* [Assignment]:
Transcribe, leaving out every picture, the lines that run from the start of the listing below through the line with "Bosch TWK8613P Чайник, 2400Вт, черно-серебристый, терморегулятор".

* [Given data]:
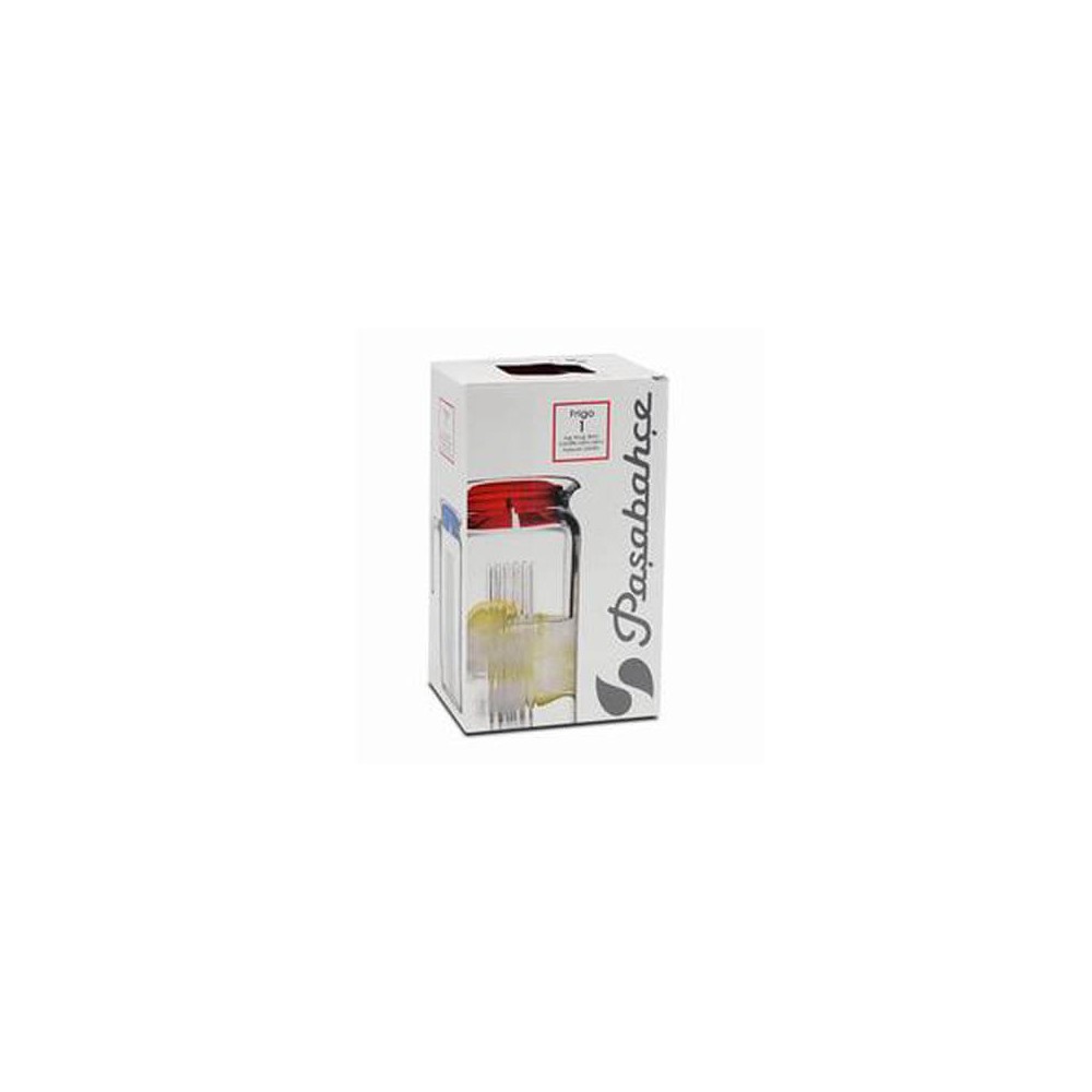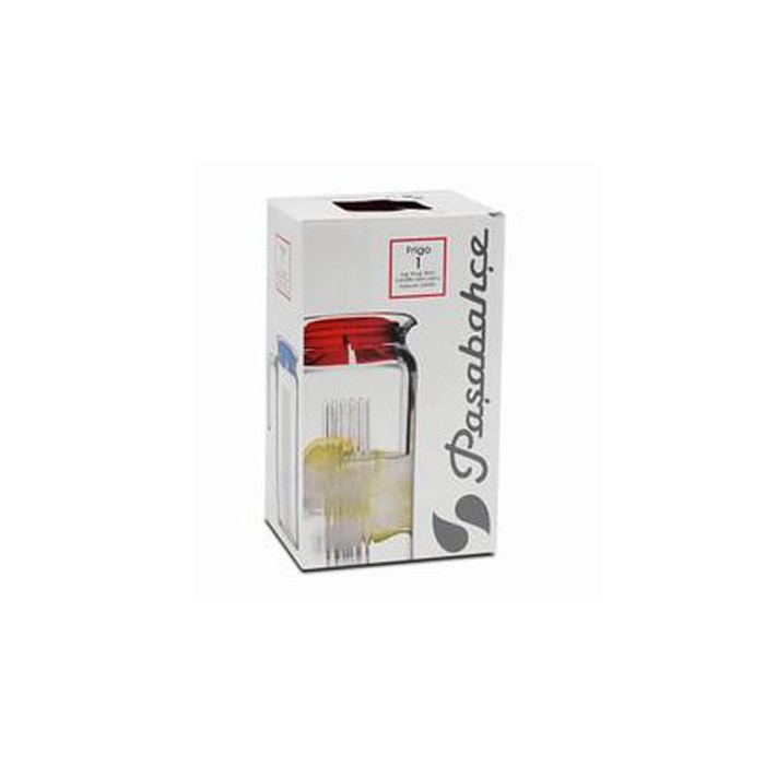 Jarra de agua para nevera de 1 litro de capacidad con asa y tapa roja de PVC.
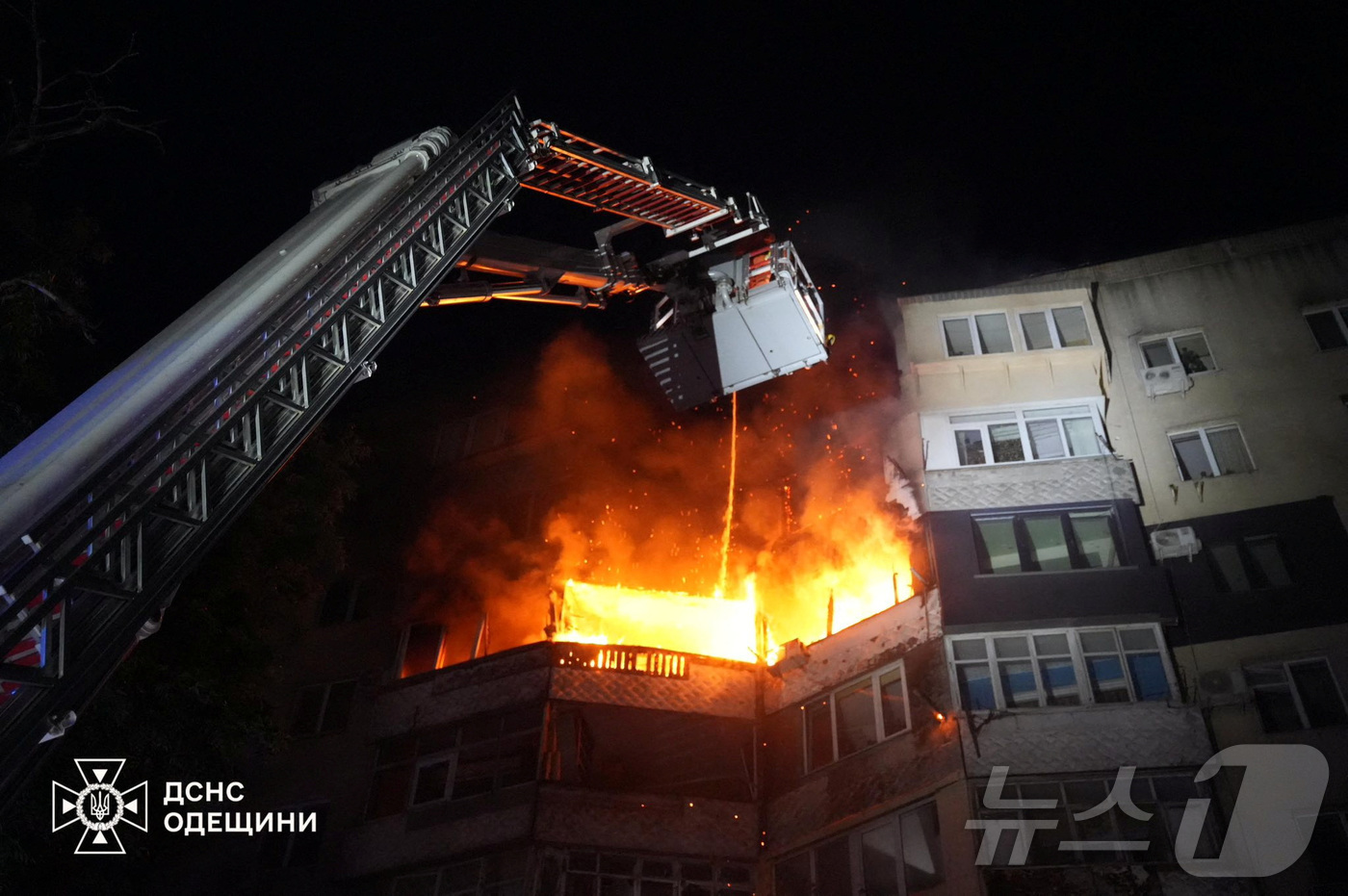 (오데사 로이터=뉴스1) 김지완 기자 = 3일(현지시간) 우크라이나 오데사에서 러시아 드론 공격을 받은 아파트에 화재가 발생해 소방관이 진화 작업을 벌이고 있다. 사진은 우크라이나 국가비상사태청 제공. 2025.07.03 ⓒ 로이터=뉴스1
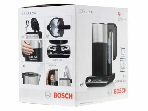 Bosch TWK8613P Чайник, 2400Вт, черно-серебристый, терморегулятор
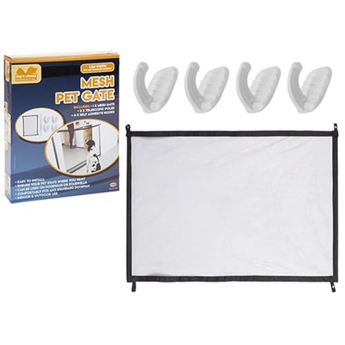 PMS 879041 Portable Mesh Pet Gate: Ideal for Household Use, White, 7 Pieces, Mesh Magic Pet Dog Gate for Doorways, Stairs, Hallways, Indoors/Outdoors,Perfect for Pets
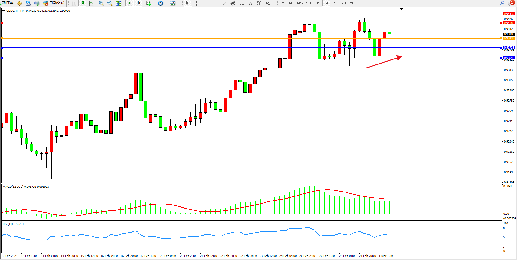 美元兑瑞郎维持0.93980附近震荡,美元指数回吐2月份涨势。但居高不下的通胀压力将迫使美联储进一步加息,进而限制了瑞郎反弹空间。
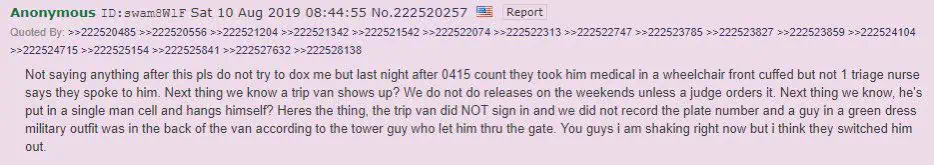 An anonymous 4chan poster said that Epstein was wheeled out of prison hours before his reported death
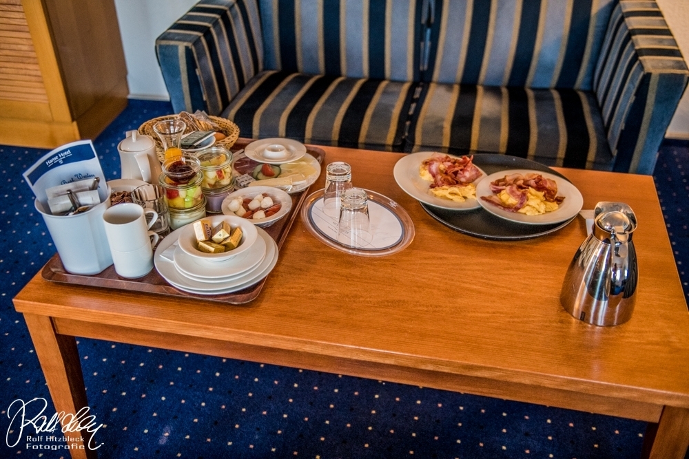 Kommen wir zu unserem ersten Frühstück. Von einem früheren Besuch wussten wir, dass das Frühstücksrestaurant ein langer schmaler Schlauch war, im Normalfall kein Problem, zu Corona-Zeiten schon. Deshalb mussten wir unser Essen vorbestellen, welches dann an einem Tisch bereitgestellt würde, um den Publikumsverkehr auf ein Minimum zu beschränken. Und eine Uhrzeit wurde uns auch angeboten. 7.45 Uhr + 45 Minuten.

* [Output below]:
 Jarra de agua para nevera de 1 litro de capacidad con asa y tapa roja de PVC.
 (오데사 로이터=뉴스1) 김지완 기자 = 3일(현지시간) 우크라이나 오데사에서 러시아 드론 공격을 받은 아파트에 화재가 발생해 소방관이 진화 작업을 벌이고 있다. 사진은 우크라이나 국가비상사태청 제공. 2025.07.03 ⓒ 로이터=뉴스1
 Bosch TWK8613P Чайник, 2400Вт, черно-серебристый, терморегулятор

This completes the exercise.